WHAT THE TASK REQUIRES:
Below this line are records; write out exactly the lines from the one containing "lace-insert silk slip" through the one containing "Knowing the difference", with the pictures left out.
##### DATA TO PROCESS #####
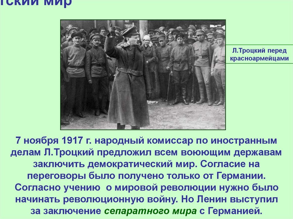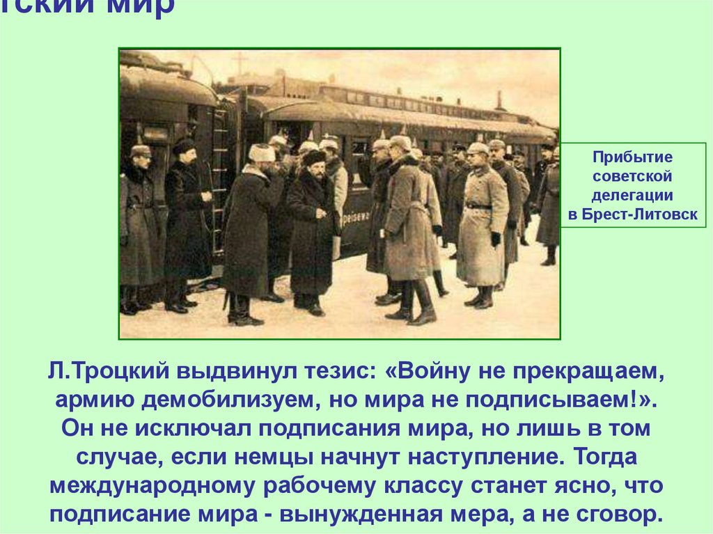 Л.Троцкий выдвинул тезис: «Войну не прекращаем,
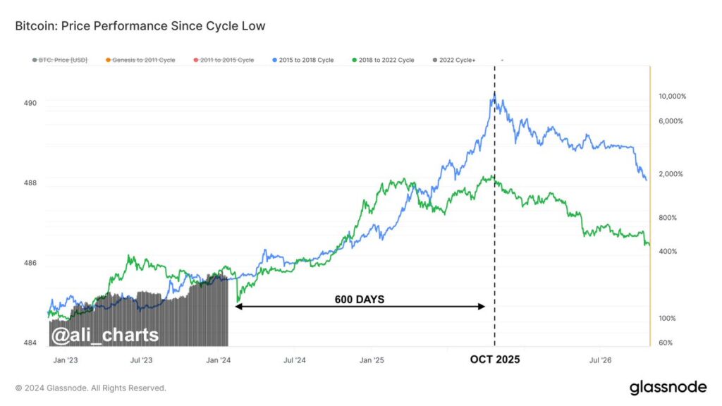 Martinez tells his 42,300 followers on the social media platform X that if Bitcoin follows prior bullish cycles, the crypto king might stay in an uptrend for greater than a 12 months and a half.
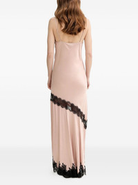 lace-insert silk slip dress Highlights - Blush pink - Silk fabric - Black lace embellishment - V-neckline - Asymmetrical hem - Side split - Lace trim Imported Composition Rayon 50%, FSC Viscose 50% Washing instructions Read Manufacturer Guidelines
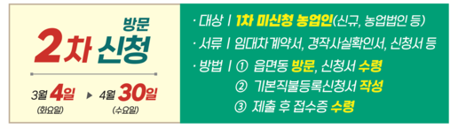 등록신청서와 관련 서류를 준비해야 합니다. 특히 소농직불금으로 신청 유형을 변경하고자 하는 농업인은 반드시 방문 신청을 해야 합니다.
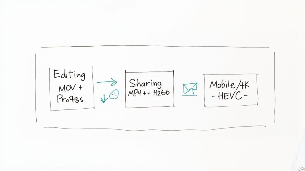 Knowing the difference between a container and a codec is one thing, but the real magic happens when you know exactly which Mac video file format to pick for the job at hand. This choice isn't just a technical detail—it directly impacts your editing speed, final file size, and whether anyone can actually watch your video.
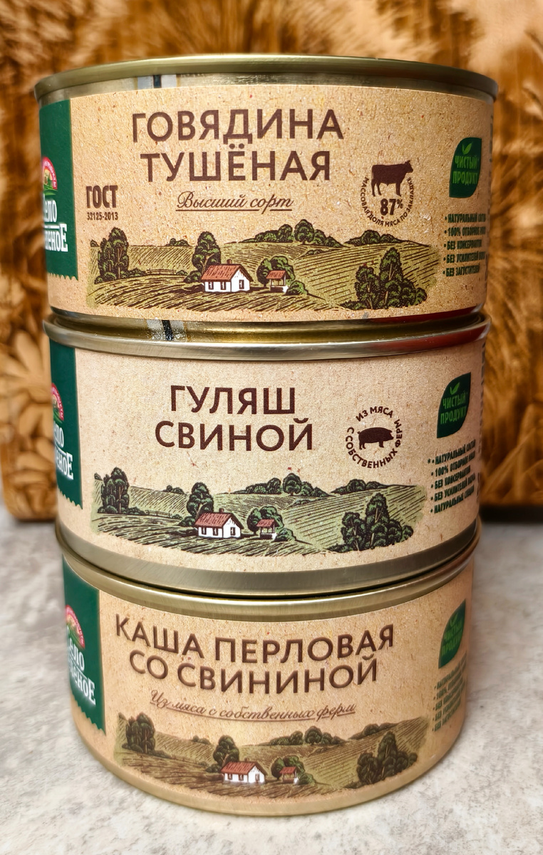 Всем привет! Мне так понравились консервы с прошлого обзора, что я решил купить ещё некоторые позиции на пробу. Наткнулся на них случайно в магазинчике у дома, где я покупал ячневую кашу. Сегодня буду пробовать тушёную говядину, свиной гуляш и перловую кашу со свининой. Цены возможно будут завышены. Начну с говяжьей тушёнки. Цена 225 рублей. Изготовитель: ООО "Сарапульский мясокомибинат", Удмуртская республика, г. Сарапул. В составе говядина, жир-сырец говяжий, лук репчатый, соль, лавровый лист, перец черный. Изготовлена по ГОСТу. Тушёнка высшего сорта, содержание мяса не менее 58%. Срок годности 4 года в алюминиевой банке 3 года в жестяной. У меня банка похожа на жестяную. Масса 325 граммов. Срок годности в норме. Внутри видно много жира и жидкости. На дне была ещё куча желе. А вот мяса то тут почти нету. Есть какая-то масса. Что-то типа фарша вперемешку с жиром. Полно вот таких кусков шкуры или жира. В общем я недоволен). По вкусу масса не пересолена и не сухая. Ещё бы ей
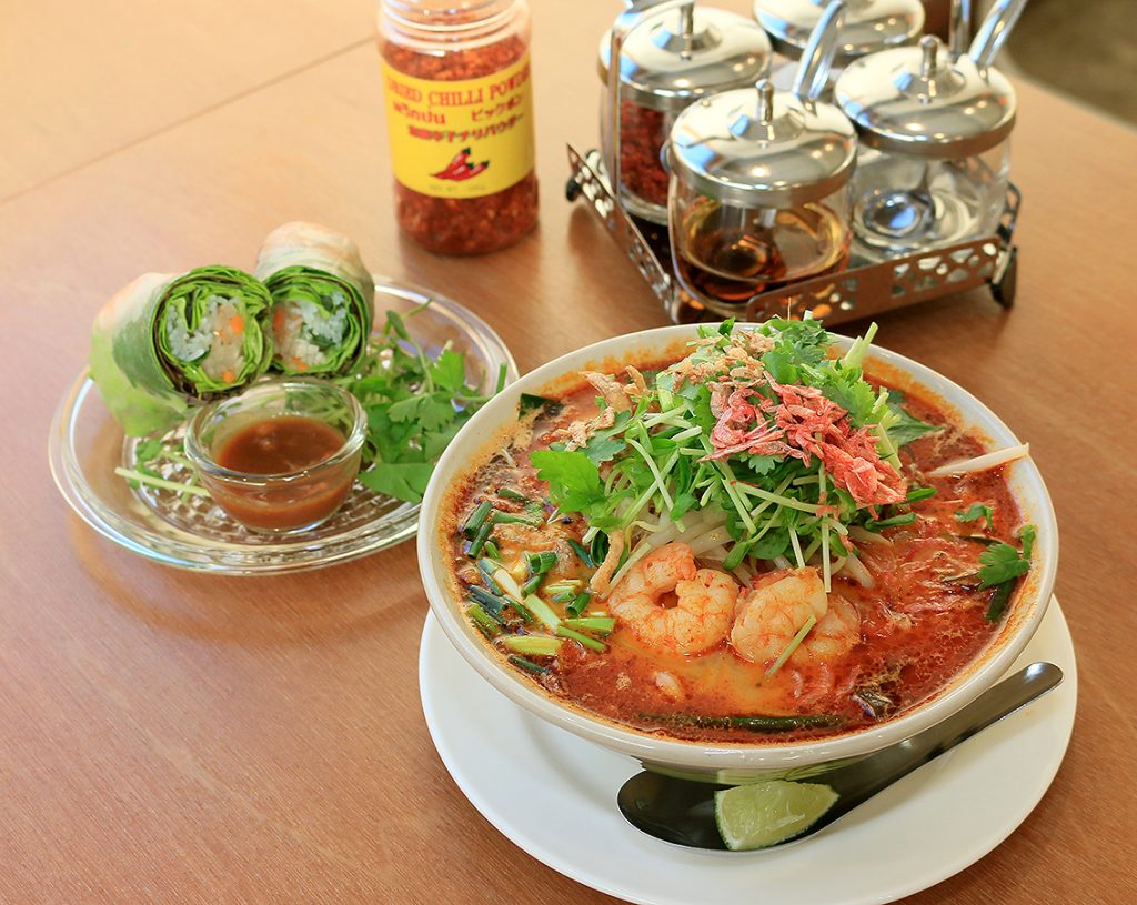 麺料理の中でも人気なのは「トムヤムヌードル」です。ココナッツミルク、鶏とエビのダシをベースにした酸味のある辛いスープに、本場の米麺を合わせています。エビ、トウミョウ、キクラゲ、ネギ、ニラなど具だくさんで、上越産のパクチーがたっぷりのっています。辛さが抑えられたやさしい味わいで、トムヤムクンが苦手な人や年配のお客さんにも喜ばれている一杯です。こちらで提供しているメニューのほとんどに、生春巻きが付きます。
#####
ANSWER TO THIS PROBLEM:
 lace-insert silk slip dress Highlights - Blush pink - Silk fabric - Black lace embellishment - V-neckline - Asymmetrical hem - Side split - Lace trim Imported Composition Rayon 50%, FSC Viscose 50% Washing instructions Read Manufacturer Guidelines
 등록신청서와 관련 서류를 준비해야 합니다. 특히 소농직불금으로 신청 유형을 변경하고자 하는 농업인은 반드시 방문 신청을 해야 합니다.
 Knowing the difference between a container and a codec is one thing, but the real magic happens when you know exactly which Mac video file format to pick for the job at hand. This choice isn't just a technical detail—it directly impacts your editing speed, final file size, and whether anyone can actually watch your video.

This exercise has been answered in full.